Y resulta muy sencillo hablar desde el pesimismo pues lo contrario significaría aportar soluciones para revertir la situación. Políticas de bajadas masivas de impuestos, ajustes o reducciones del IVA por sectores (escuchando a los verdaderos profesionales), reduciendo la burocracia a niveles mínimos para favorecer la iniciativa privada y/o concertada, desarrollando obra pública con sentido para que a corto plazo rentabilice la vida de la gente, reduciendo drásticamente del estado toda la materia grasa que no aporta rentabilidad. En definitiva: hablamos de eliminar el sectarismo de las instituciones del Estado, abandonando las políticas que se basan exclusivamente en ideologías trasnochadas que solo generan hambre, miseria y dolor; capando o cercenando la libertad individual como la única manera de crecer bajo la seguridad y el auspicio del control del estatal de los mercados bajo criterios supervisados desde organizaciones empresariales y sindicales con sentido de Estado, sin depender de la financiación pública aunque promocionados preferentemente en las empresas y organizaciones de trabajadores como prioritarias, para de esta manera ser libres ante políticas de topes e intervencionismos centrados en reducir el número de empresas, y de trabajadores dignamente remunerados.

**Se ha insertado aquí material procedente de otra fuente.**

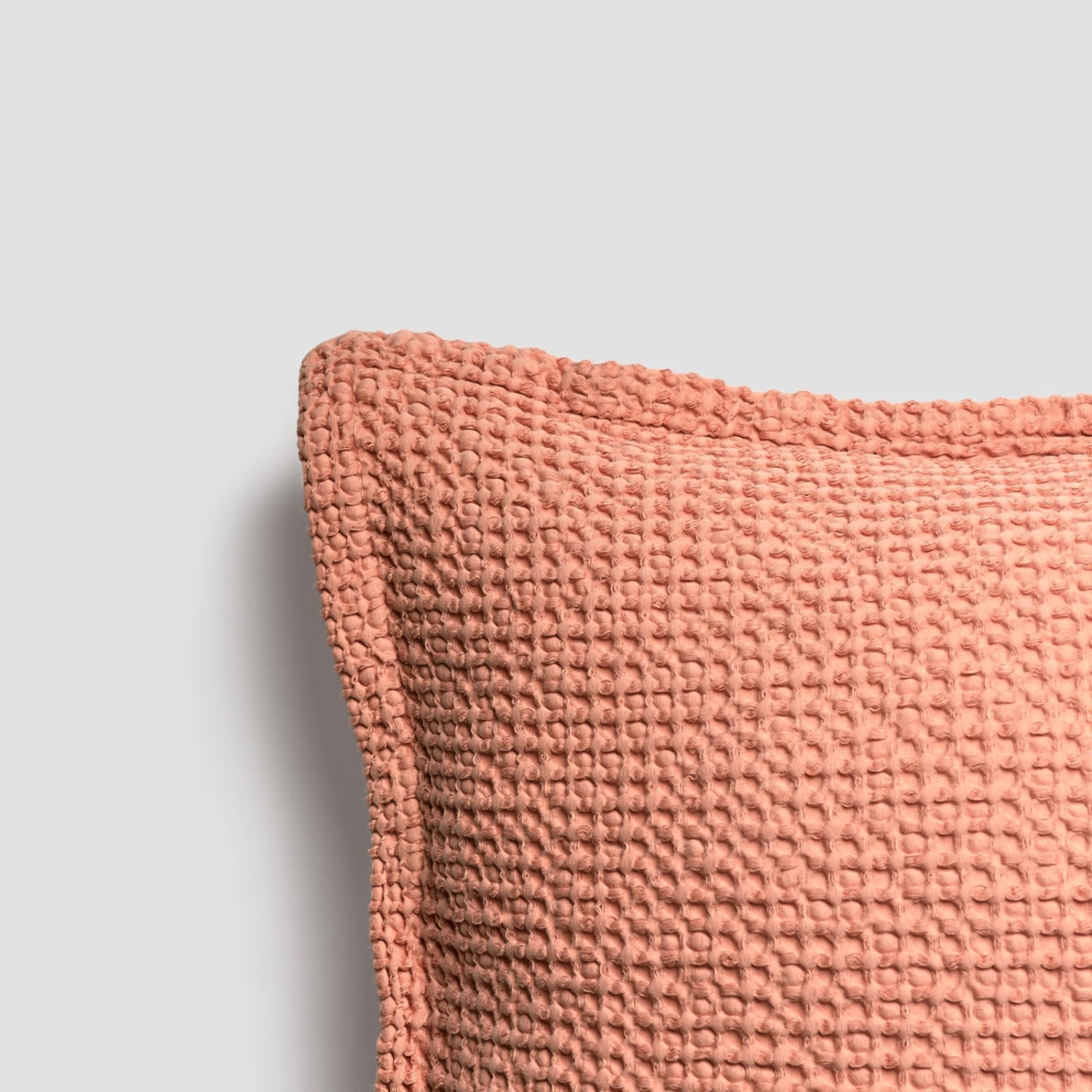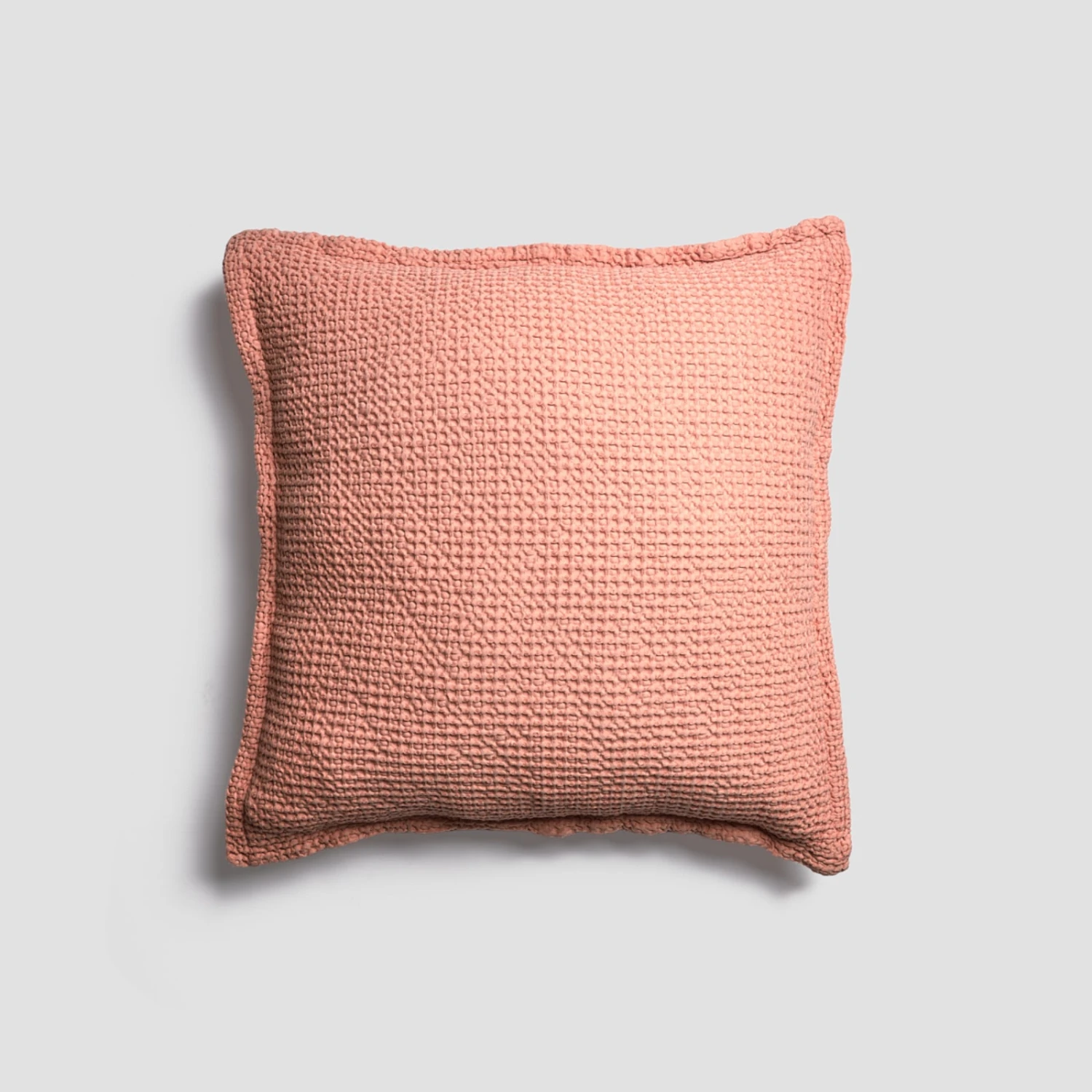 Featuring a wonderfully textured and rustic waffle-style weave, this 100% cotton cushion cover is made from cotton sustainably sourced in partnership with the Better Cotton Initiative. Soft, durable and great to add color to your bed or sofa. Mix and match colors with other designs in this collection or team with our crinkled linen and cotton cushion covers for a blend of textures. Pictured here in Pink Clay, a warm and soothing pink.

No es difícil hablar en positivo, tampoco aportar ideas para salir de la crisis lo antes posible en vez de estar todo el tiempo hablando resignadamente de lo mal que nos va. El problema es que en España a día de hoy hacerlo drásticamente, necesita de tres o cuatro generaciones concienciadas de la miseria moral que nos inunda y no nos deja salir de la trinchera.

No son tiempos de acomplejados al frente de la situación y lo estamos comprobando con Pedro Sánchez Castejón. Aprendamos entonces de lo que nos está pasando.